И кокаин. И героин. И конопля. Азиатская. Мексиканская. Тут тихо делалось Искусство, и все приветливо улыбались, ждали, потом делали. Уходили. Потом приходили обратно.
И даже виски было, пиво и вино для таких остолопов, как я... сигары и глупость прошлого.
Бессмертный французский поэт без устали занимался этими разнообразными делами. Он вставал рано и делал разнообразные упражнения йоги, а потом вставал и смотрел на себя в большое зеркало, смахивал капельки легкого пота, а потом принимался за свои громадные муде - заботился об их долголетии, поднимал их, поправлял, любовался и отпускал наконец: ПЛЮХ.
А я тем временем шел в ванную блевать. Выходил.
- Ты не напачкал там на полу, Буковски?
Он не спрашивал, не умираю ли я. Он беспокоился только о чистоте пола.

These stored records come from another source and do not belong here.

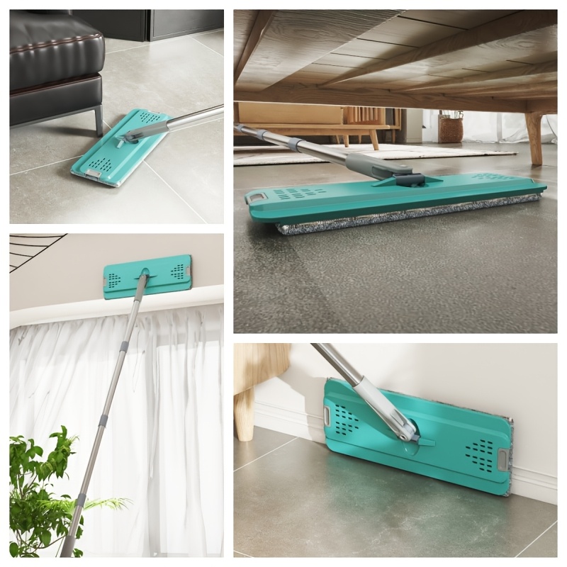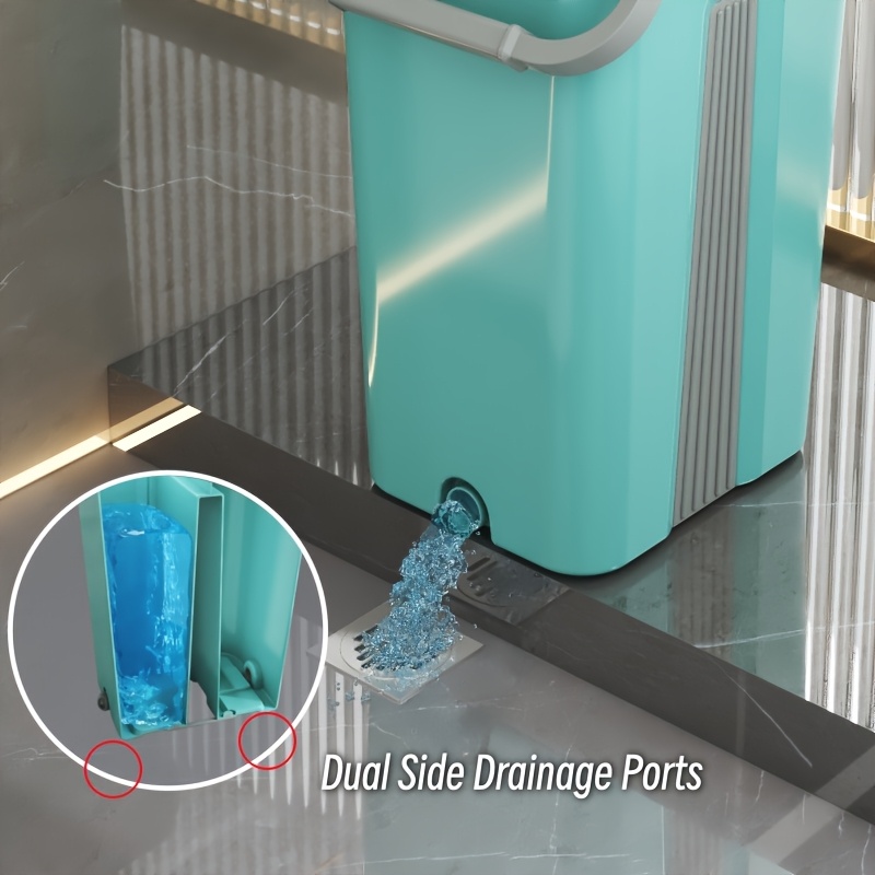 Extended Handle Hands-Free Flat Mop And Bucket Set, 4 Microfiber Pads Included, Large-Capacity Mop System, Dry & Wet Dual-Use Dust Mop for Hardwood, Tile, Marble & Wall Cleaning
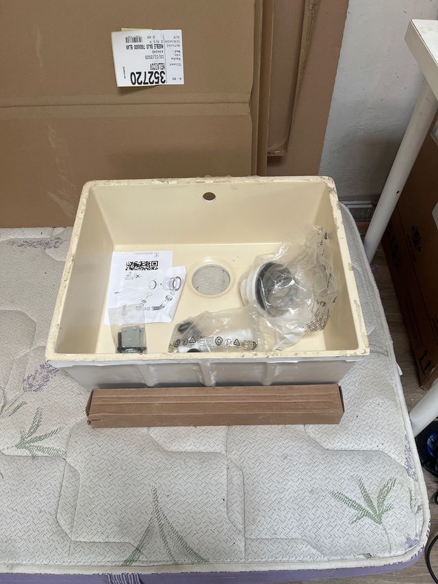 Fregadero de cerámica en color beige. Incluye accesorios. - Material: Cerámica. - Color: Beige. - Accesorios incluidos.
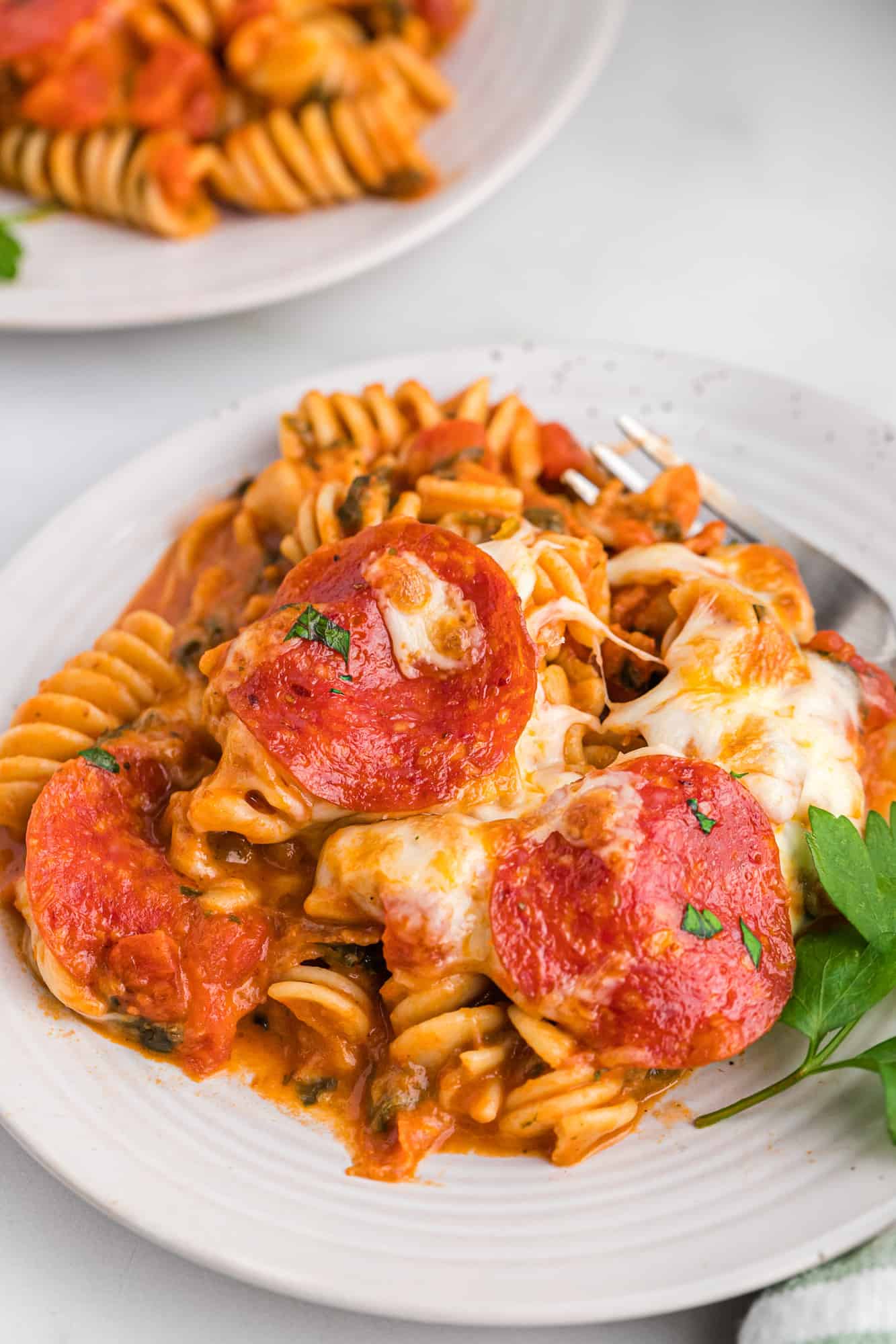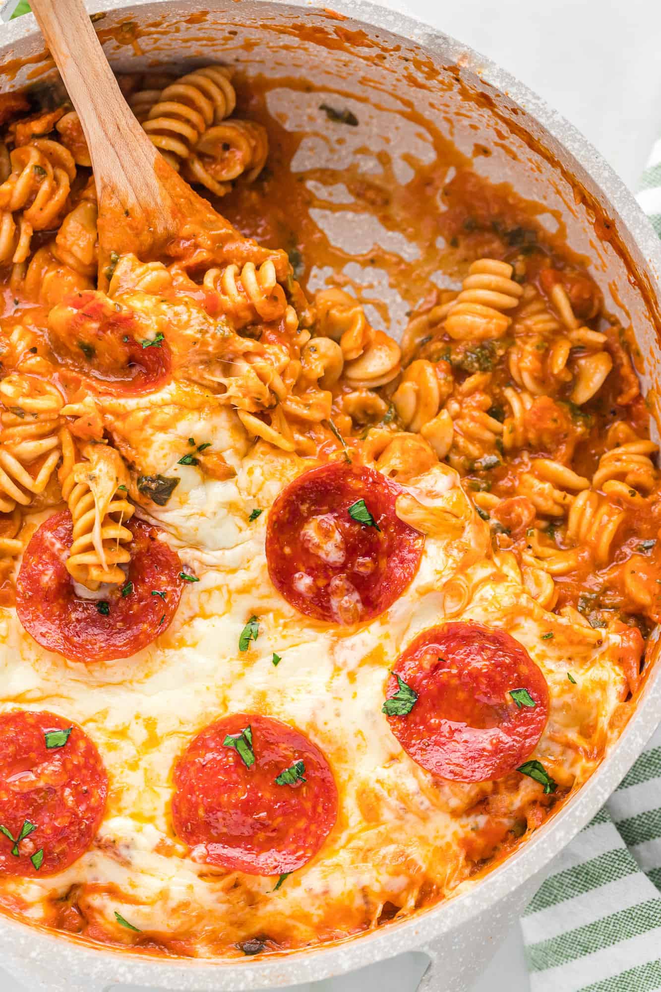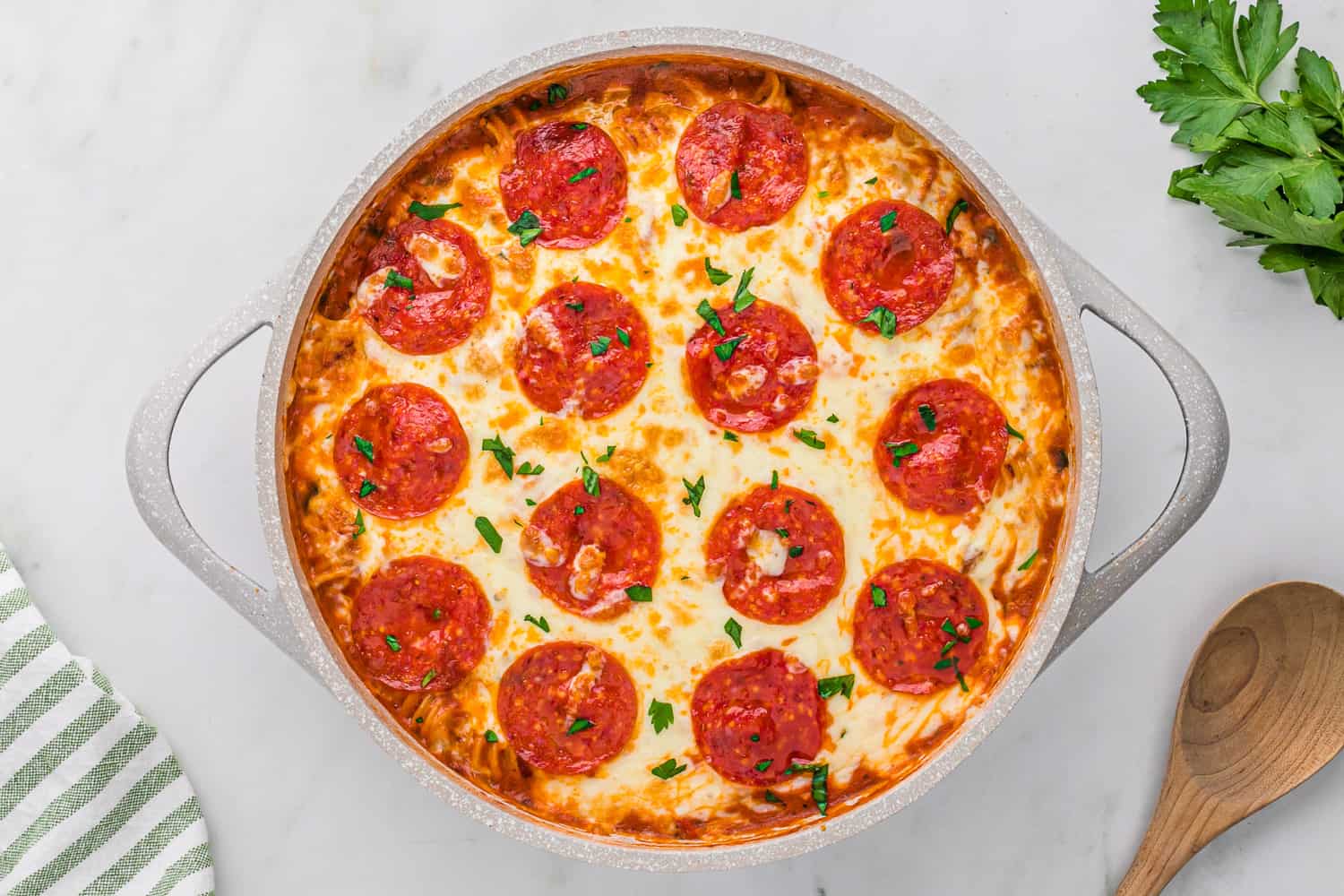 Sprinkle on some fresh parsley or basil if you’re feeling fancy. Then dig in and enjoy your one-pan pizza pasta!
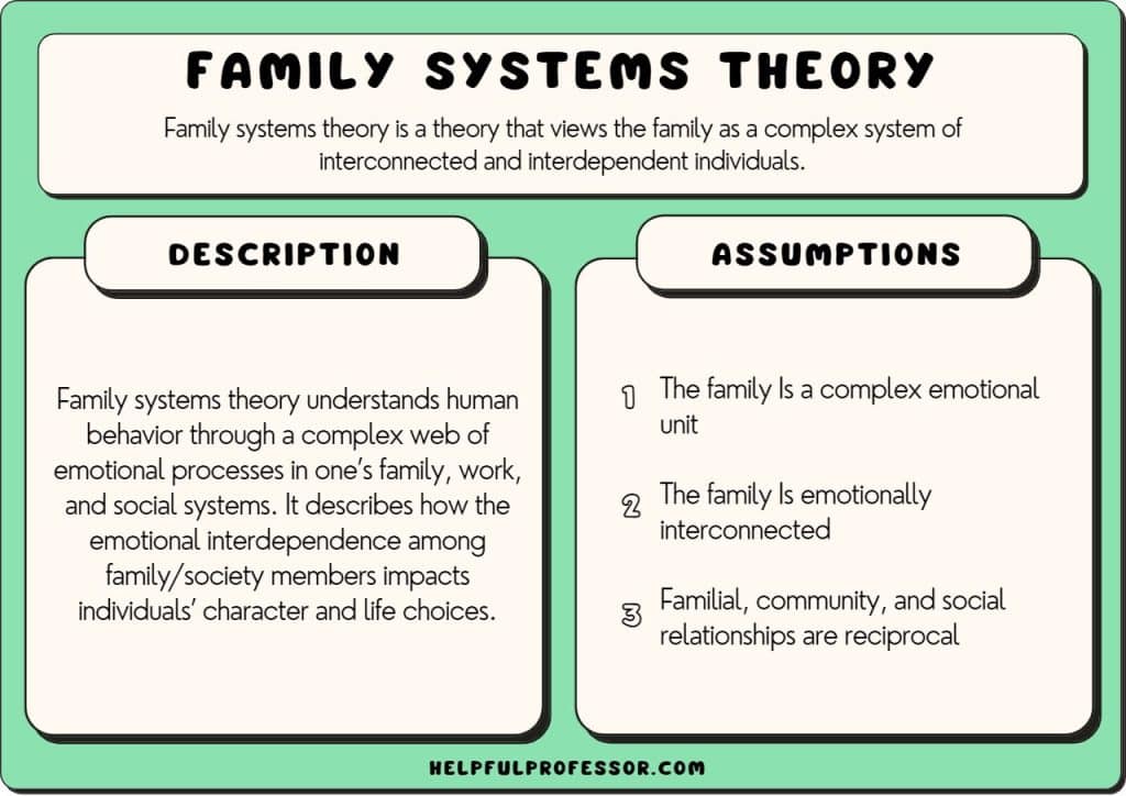Definition: Family systems theory is a theory that views the family as a complex system of interconnected and interdependent individuals.
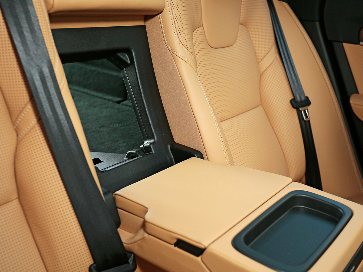 内装は、XC90が先行して披露していたように、暖かみあるレザー、ウッドパネル類と、ハイテクの象徴たる大型ディスプレイ(メーターは12.3インチ、センターコンソールは9インチの縦型)を上手に組み合わせ、全体として瀟洒にまとめあげています。
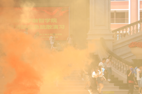 2017年6月2日中午12时10许,重庆工商大学融智学院开展了2017年度第一次消防应急处置演练。演练共分为十项议程,整个过程井井有条,高效有序。从理论到实践,切实提高了全校教职工、同学们的校园安全防范意识。
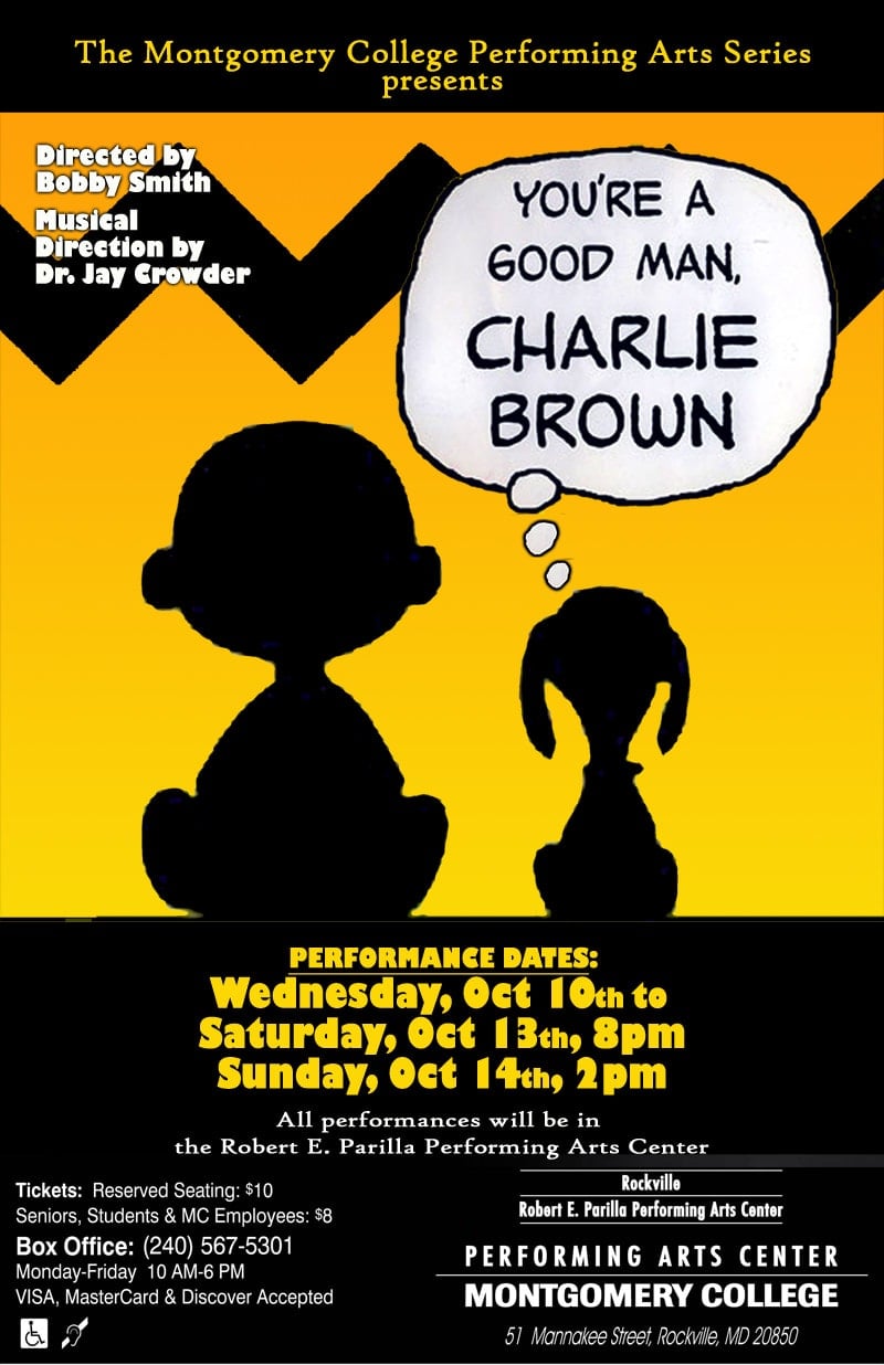 Good grief! Did you hear? The Department of Theatre at Montgomery College is presenting You’re A Good Man, Charlie Brown to kick off the start of their fall season. Directed by James Gardiner with Musical Direction by Dr. Jay Crowder, the Peanuts gang, created in comic form by illustrator Charles M. Schulz, is back together on the stage for a limited engagement! All of your fun-loving favorites are there; Charlie Brown, Linus and his blanket, Sally, Lucy, Schroeder, even Snoopy! Follow these loveable characters through little comic scenes with musical adventures to perk up their candid humor. It’s just like you remember them, only now they’re live on stage.
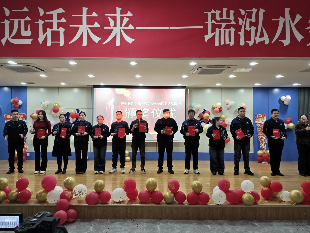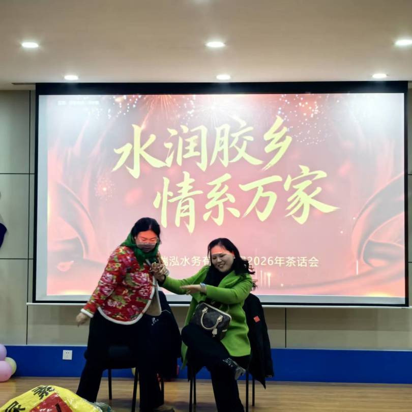 金鞍启岁,福水迎春。2026 年丙午马年新春将至,2月14日上午,东阿瑞泓水务有限公司举办新年职工茶话会,全体职工欢聚一堂,共贺新春。本次茶话会以 “水润胶乡润万家,同心致远话未来” 为主题,融合文艺表演、互动游戏、幸运抽奖与评优颁奖等环节,既是对全体职工 2025 年坚守供水岗位、践行民生使命的温情致敬,也为公司新一年高质量发展凝聚奋进力量,现场欢声笑语、暖意融融,尽显瑞泓水务 “一家人” 的温馨与团结。
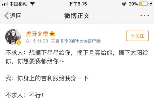 听说满嘴甜言蜜语的人,一般都不是什么好人,可即便如此,当有人说甜言蜜语给你听时,你还是会暗自开心。不过小编发现,现在的年轻人已经不流行说一些文艺小清新类型的情话了,而是满嘴的“土味情话”。所谓的土味情话,就是很肉麻又充满乡土感觉的情话,与甜言蜜语一样非常的撩人。作为虎牙刺激战场“一姐”的冬季,就是一位特别擅长说土味情话的主播,他不但要说给粉丝听,还要说给“一哥”不求人听。 冬季土味情话的“鼎盛时期”,应该就是在今年9月份的时候。小编仔细数了一下,冬季在9月份时共发表了5段关于土味情话的视频,每天边吃鸡边教大家该怎样撩妹和撩汉。原本以为,冬季会在视频里找一个人妹子与他搭戏,无奈冬季的异性缘实在不咋地,只能一人分饰两角,既要扮演男方又要扮演女方,演了一场又一场“年度大戏”。每当冬季所扮演的男方说出土味情话时,冬季所扮演的女方都会笑眯眯的捂住嘴,演出一脸娇羞的模样样,一眼看上去还真的有一种少女感扑面而来,不过也有网友表示,捂嘴时的冬季像极了小岳岳。 虽然冬季讲的土味情话很有趣,但总觉得还是缺了些什么,小编左思右想,终于想出了答案,那就是缺了虎牙一哥不求人!冬季与不求人是一对基情四射的“好基友”,他们经常在微博里和直播间里有着各种亲密的互动,尤其是在微博上,冬季每隔一段时间都会撩不求人一下,还给他起了一个名为“小求求”的爱称。10月中,冬季与不求人更是模仿赵丽颖与冯绍峰的官宣体,大方示爱,简直是羡煞旁人。 表白有着接受和拒绝的两种可能性,而土味情话也有说出去后“翻车”的可能,就像不求人愿意摘星星摘月亮给冬季,却不愿意把吉利服给他穿一下,看来在游戏面前,什么兄弟情义,什么白头到老,都会化为乌有! 当冬季查房发现不求人在与汪苏泷一起开黑时,立马心生醋意,他在微博里发了一段不求人与汪苏泷开黑的视频,并说道:“小求求,我想听你唱泷哥的《有点甜》。”不知道“爬墙”泷哥的不求人会不会满足冬季这个条件呢?小编也很是期待不求人展现下自己的歌喉呢! 众所周知,冬季的直播风格一直以来都十分搞笑,所以大家也自然会觉得,他的性格比较耿直,可能不太擅长说情话。可看完了冬季的土味情话视频,以及和不求人的甜蜜互动以后,小编突然觉得,冬季是一个“情场高手”,不知道以后是哪位幸运的妹子会被“情话王”冬季撩到手呢! |

- Нет, Андре, я отправил всю рвоту по надлежащим каналам.
- Умница!
Потом, просто чтобы порисоваться, когда я тут хвораю у него на глазах, как последняя собака, он уходил в угол, становился на голову в своих мудацких бермудах, скрещивал ноги, смотрел на меня вверх тормашками и говорил:
- Знаешь, Буковски, если ты когда-нибудь протрезвеешь и наденешь смокинг, я тебя уверяю, стоит тебе в таком виде войти в комнату, все женщины попадают в обморок.
- Не сомневаюсь.
Потом легким полусальто он вскакивал на ноги.
- Хочешь завтракать?
- Андре, я уже тридцать два года не могу завтракать.
Потом раздавался стук в дверь, легкий и такой деликатный - можно было подумать, какая-то на хер синяя птица стучится крылышком, умирает, просит глоток воды.
Обычно это были два или три молодых человека с какими-то соломенными, обтруханными бородами.
Обычно мужчины, но иной раз появлялась и вполне приятная девушка, и мне !k+. тяжело уходить, когда появлялась девушка. Но тридца сантиметров в покое было у него - плюс бессмертие. Так что я всегда знал свое место.
- Слушай, Андре, голова раскалывается... Я, пожалуй, пройдусь по берегу.
- Ну что ты, Чарльз! Ей-Богу, это лишнее!
И, не успеешь дойти до двери, она уже растегнула у Андре ширинку, а если бермуды без ширинки, так лежат уже у француза на щиколотках. И она хватает тридцать этих сантиметров, спокойных, посмотреть, что сними будет, если их маленько раздразнить. И Андре уже задрал ей платье, и пальчик его шебаршится, протискивается под тугие чистые розовые трусики, отыскивая секрет дырочки. А для пальца всегда что-нибудь было: как будто бы новая запыхавшаяся дырочка спереди ли сзади, и при его мастерстве он всегда умел прошмыгнуть, проторить дорожжку кверху промеж тугого свежестираного розового и пробудить интерес в дырочке, отдыхавшей не больше восемнадцати часов.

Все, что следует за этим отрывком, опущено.